La TVA sociale telle qu'elle est proposée aujourd'hui est, selon moi, un galop d'essai. La tentation d'agiter les peurs m'atterre. Si nous ne faisons rien, nous entamerons une trajectoire de déclin. Je ne suis pas élu pour ça.
S'agissant de l'allègement des cotisations salariales, on a déjà supprimé huit points de cotisations maladie pour créer six points de CSG, étendue aux revenus du patrimoine, du capital et aux revenus fonciers. Dix ans après l'élargissement de l'assiette, il reste 0,75 point à faire disparaître des cotisations salariales. Quant aux deux points de CSG supplémentaires pour les petits commerçants, ils devront être intégralement payés.
Je ne suis pas favorable à la coexistence de trois taux, à 5,5 %, 7 % et 25 %. A l'avenir, il faudra envisager un taux intermédiaire de 12 % pour les activités de proximité - réparation automobile ou restauration - afin d'éviter le développement d'une économie parallèle.
Monsieur Jeannerot, la TVA n'est, selon vous, pas un bon impôt. Mais les cotisations sociales pèsent sur tous, y compris les bénéficiaires de minima sociaux. Au contraire, la TVA sociale est d'abord à la charge des importations et elle allège les exportations. Ceux qui gagnent le plus d'argent sont ceux qui distribuent des produits importés. Renforcer la compétitivité est fondamental. La production au sein des ateliers des prisons françaises n'est-elle pas une forme de délocalisation interne ?
Monsieur Teulade, qu'il s'agisse d'une charge ou d'un investissement, la protection sociale a un coût dont il faut assurer le financement. Les prestations sociales peuvent constituer un filet de sécurité minimal assorti d'un système assurantiel. Elles peuvent aussi être un système de protection générale. J'attends de votre commission qu'elle définisse les parts respectives du système assurantiel et de la protection générale. A mon sens, une partie devra être étatisée, les partenaires sociaux ne pilotant actuellement pas le système.
Sur les réserves de Mme Cohen, je préférerais qu'il soit mis fin aux subventions publiques et que les impôts sur les entreprises soient allégés, d'autant qu'à mon sens, les subventions financent le plus souvent des surcoûts qui leur sont imposés et faussent les prix. En outre, les banques et les assurances ne sont pas soumises à la TVA mais à la taxe sur les salaires atteignant 14 %. Il faut prendre garde à la délocalisation de ces activités, c'est déjà le cas à la City de Londres notamment.
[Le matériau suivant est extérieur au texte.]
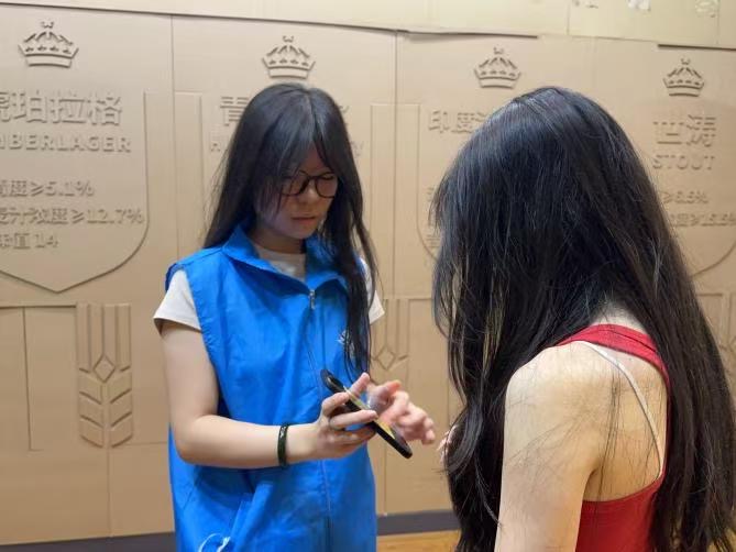 7月15日,實踐隊前往薛家島街道,采用“分眾化調研”策略,兵分多路分發調查問卷。在車水馬龍的繁華商圈,隊員們向往來游客與市民細致講解調研目的,重點收集不同地域人群對青島酒文化的認知畫像;走進社區廣場,則將目光投向常住居民,深入探尋中老年群體對傳統釀造工藝核心價值的理解,那些口耳相傳的匠藝細節,在調研中凝結為珍貴的文化記憶。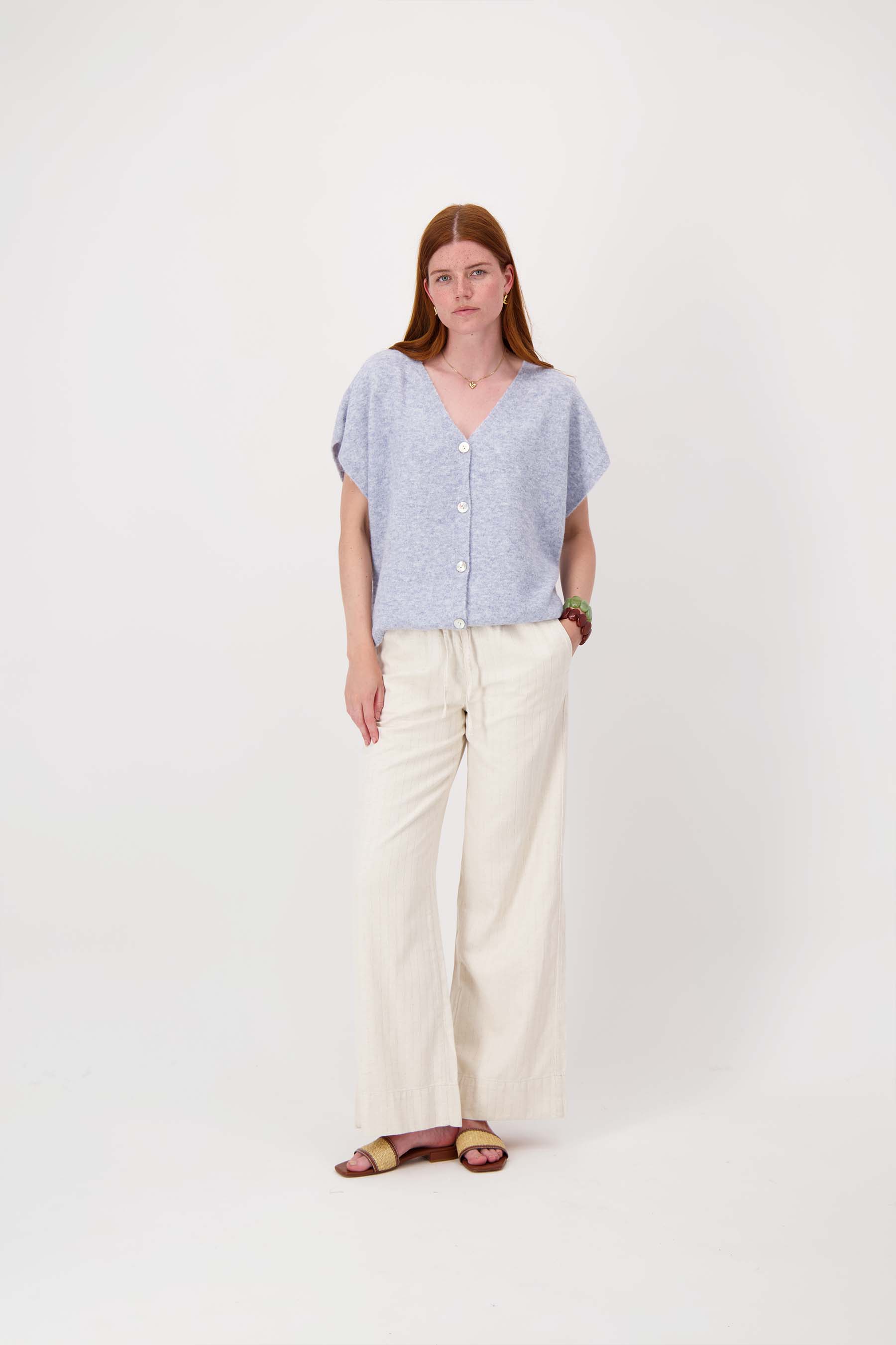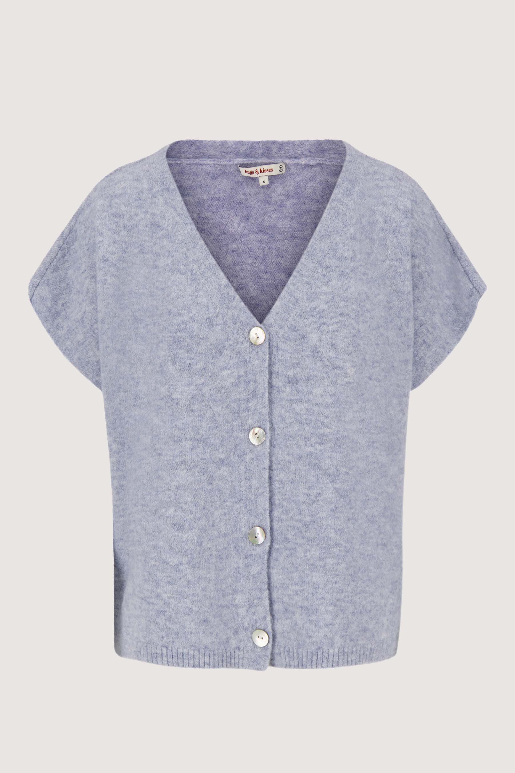Dit Zusss V hals vestje is een stijlvolle must-have in jouw garderobe. Het vestje valt op door zijn zachte melange garens en mid blue denim kleur, perfect voor een casual en toch elegante look. Met de knoopsluiting aan de voorkant en de comfortabele pasvorm is dit vestje ideaal voor elk seizoen. Combineer het met je favoriete hemdjes of mesh tops voor een speelse, warme outfit.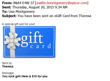 iNet eGift Card is a virtual in-store gift card which allows eCommerce sites to sale an electronic gift card and have it emailed to the recipient. It is similar to Eagle In-Store Gift Card, can be viewed alongside the Gift Card Viewer, and can be used in E4W and Eagle N Series. eGift Card is available on iNet 4.2 with Eagle 37.0896 or later.

Monsieur Vergoz, il n'est pas question que la mondialisation nous tire vers le bas. Deux types d'Etats coexistent. Les premiers perdent leur activité productive mais maintiennent leur niveau de consommation : ils sont donc caractérisés par leur dette souveraine. Les seconds, dits émergents, produisent plus qu'ils ne consomment : ils accumulent les fonds souverains. A tort, nous avons longtemps cru que l'endettement souverain était infini : il suffit de voir la situation de la Grèce pour comprendre que le souverain est le créancier. En tant que ministre, j'ai été amené à présenter, en G7, notre modèle social : on m'opposait déjà les limites de son financement. Les règles de l'OMC et de l'OIT constituent des gages, mais gardons-nous de tout angélisme. Certaines activités ne peuvent plus être accomplies sur le territoire national. Le G20 peut faire des déclarations, mais n'attendons pas que les grandes organisations règlent nos problèmes !
L'impôt sur la marge bénéficiaire est en fait une taxe sur la valeur ajoutée, c'est-à-dire sur les salaires, les charges sociales et les bénéfices. Faut-il courir le risque de son optimisation par les grands groupes ?
Monsieur Vanlerenberghe, une partie des charges sociales est actuellement payée par la puissance publique, une partie des charges des entreprises est déjà exonérée. Le basculement des charges vers la TVA devrait être, à mon sens, de 50 milliards, soit cinq points de TVA.